__Aim of the task__. Repeat the records below exactly, from the first line through the line containing "教科書の付録に付いている正多", and leave out any pictures.

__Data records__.
↓↓↓

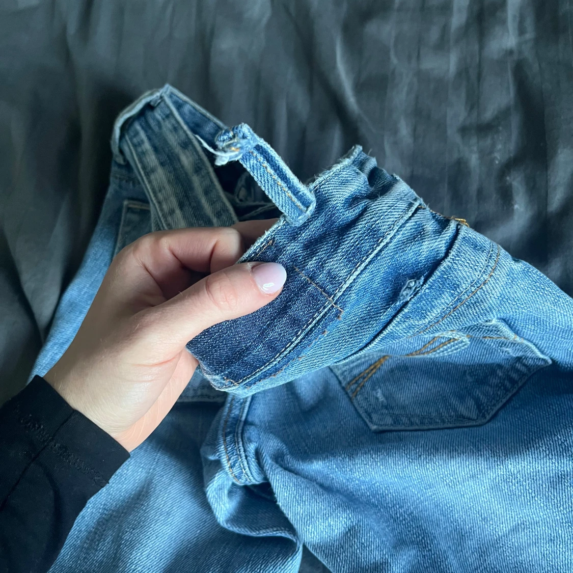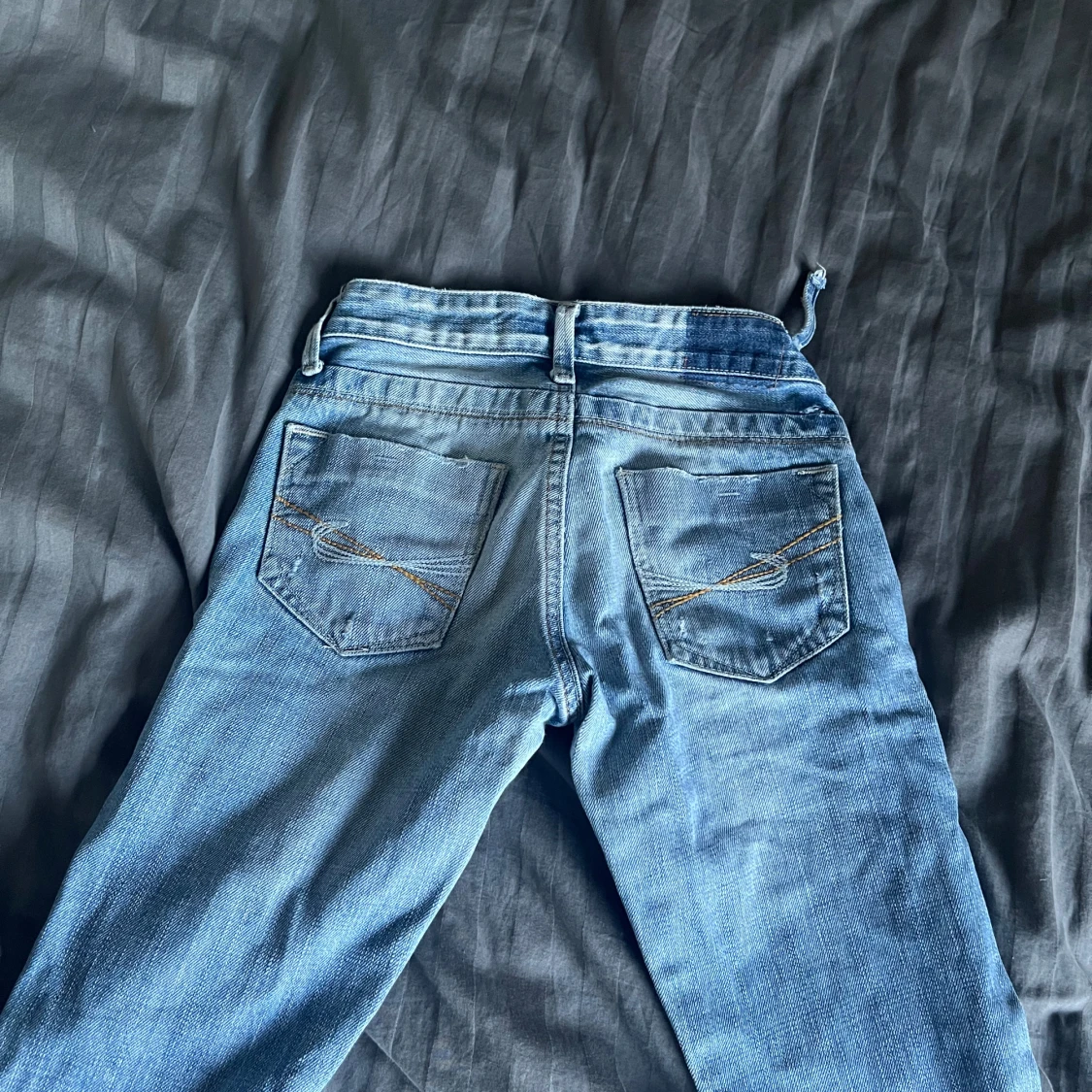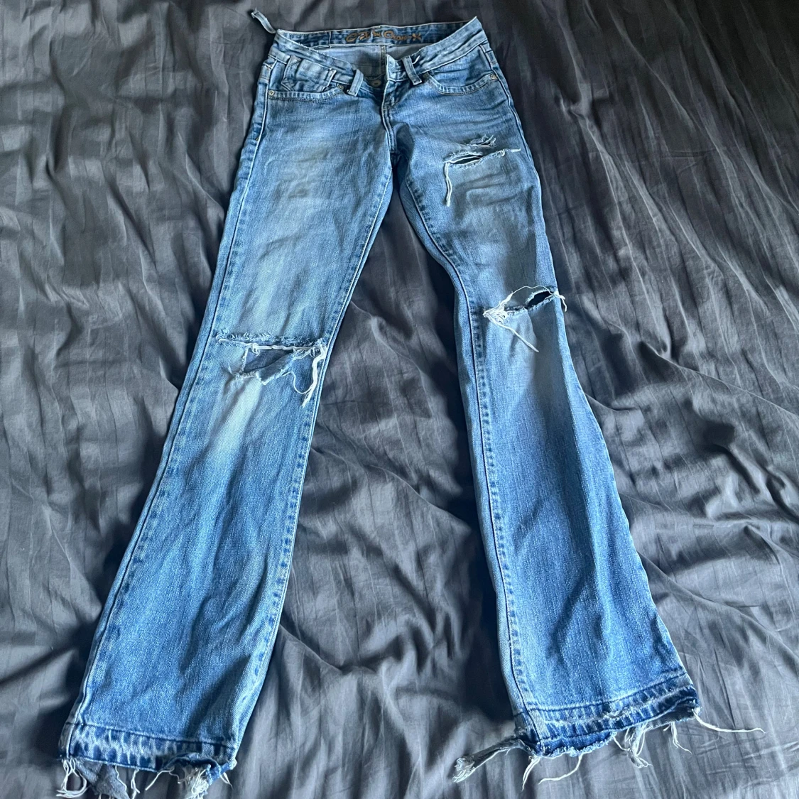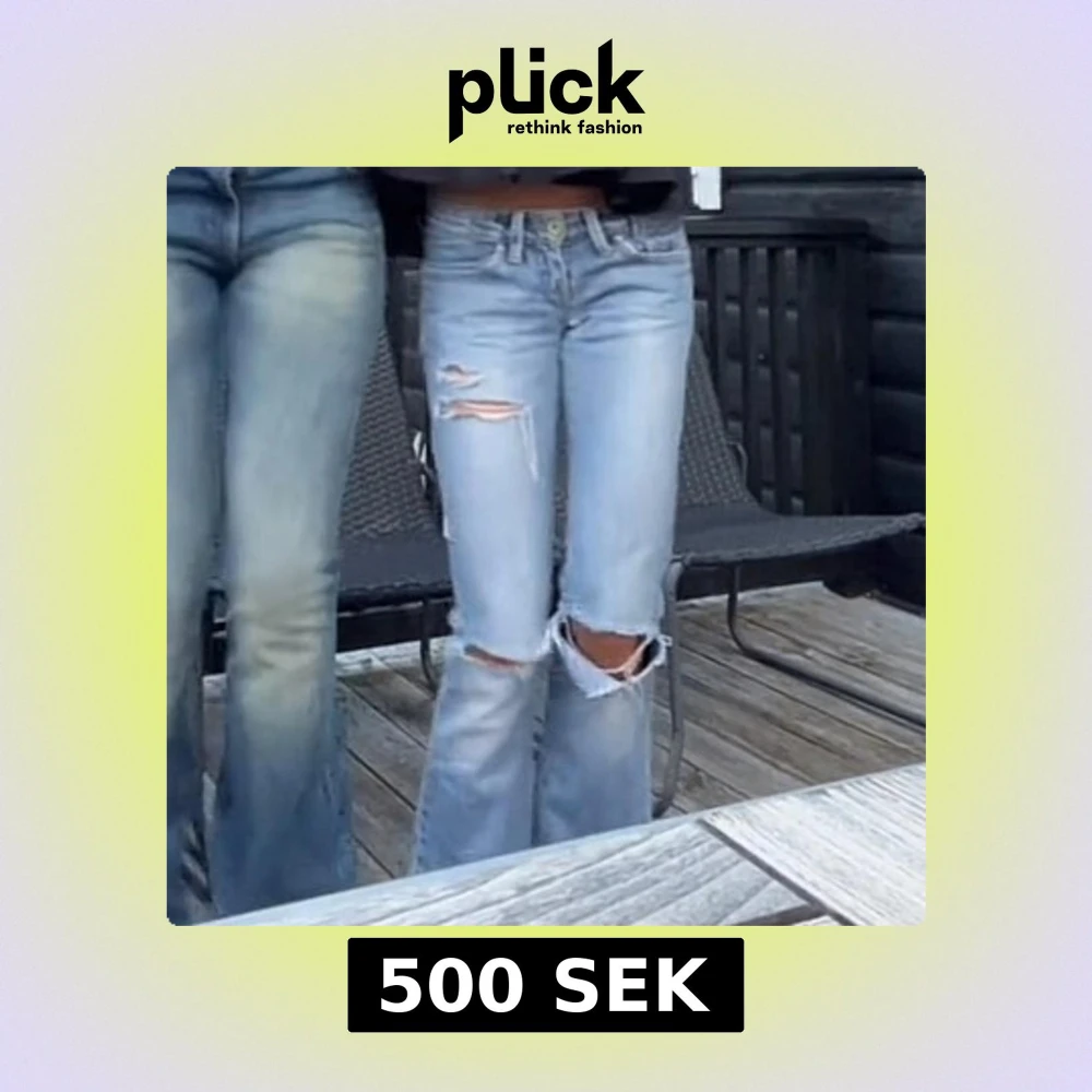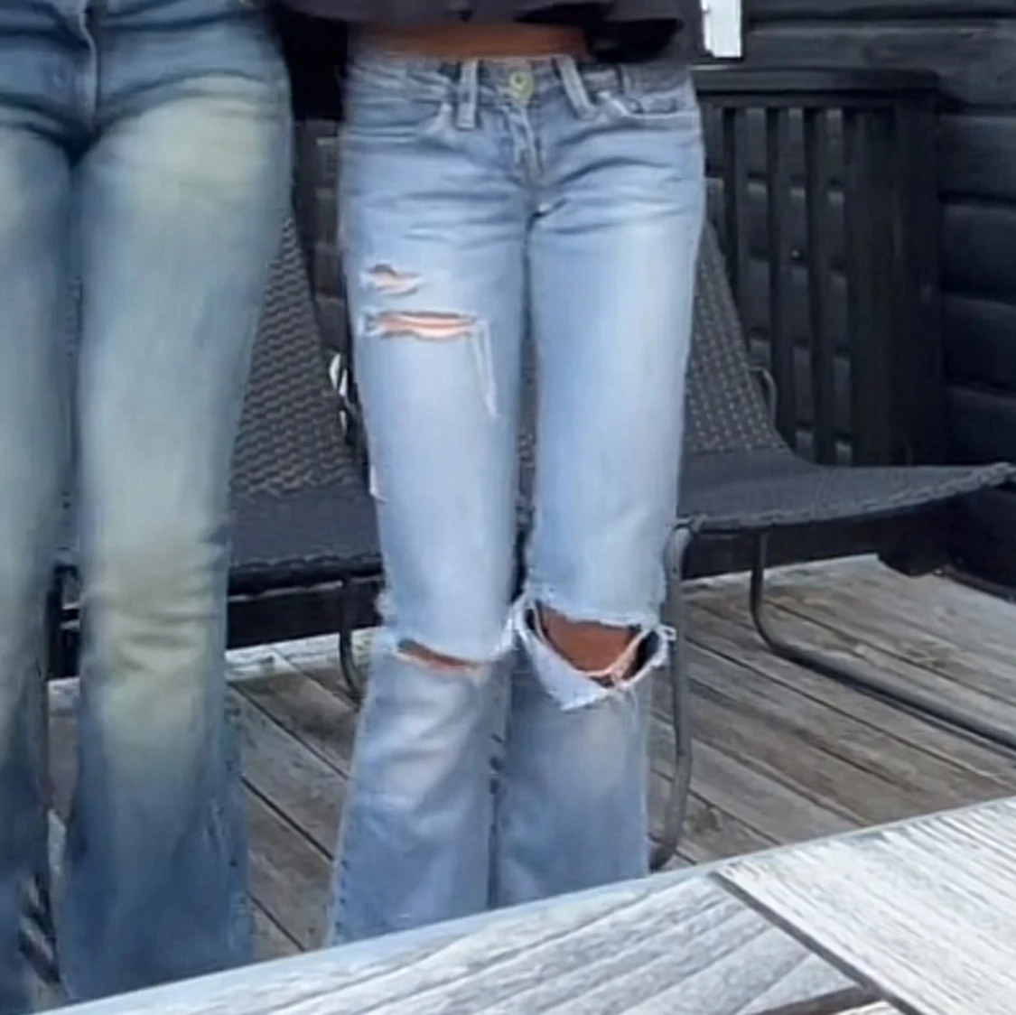 Säljer ett par ljusblå bootcut jeans med slitningar och stora hål vid knäna. De är verkligen mina favorit jeans men de passar tyvärr inte längre. Lågmidjade o skitsnygga!! En skärpögla har släppt men de är inget man tänker på o går lätt o lösa om man vill
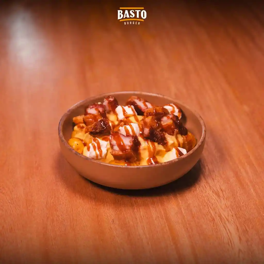 300gr de mix de papa rustic y criolla, bañadas en queso cheddar fundido con tocineta, queso philadelphia y chicharrón ahumado.
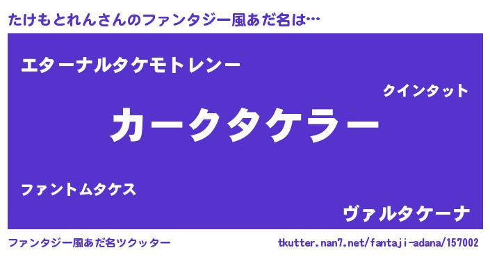 | ポケモン風あだ名 | 『メロタッケ』『タケモダネ』 |
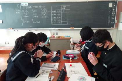教科書の付録に付いている正多面体の模型を実際に作って、その模型を見ながら考えたり、確認したりしました。 -
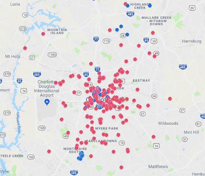 It is not available in single-family neighborhoods including Barclay Downs, Chantilly, Cotswold, Seversville, Ashley Park, Ballantyne, Mountain Island Lake, Sunset Drive, Sedgefield, Myers Park or Dilworth.
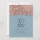 Rose Gold Dusty Blue Glitter Confetti Wedding Invitation

↑↑↑

__Response to the task__.
 Säljer ett par ljusblå bootcut jeans med slitningar och stora hål vid knäna. De är verkligen mina favorit jeans men de passar tyvärr inte längre. Lågmidjade o skitsnygga!! En skärpögla har släppt men de är inget man tänker på o går lätt o lösa om man vill
 300gr de mix de papa rustic y criolla, bañadas en queso cheddar fundido con tocineta, queso philadelphia y chicharrón ahumado.
 | ポケモン風あだ名 | 『メロタッケ』『タケモダネ』 |
教科書の付録に付いている正多面体の模型を実際に作って、その模型を見ながら考えたり、確認したりしました。 -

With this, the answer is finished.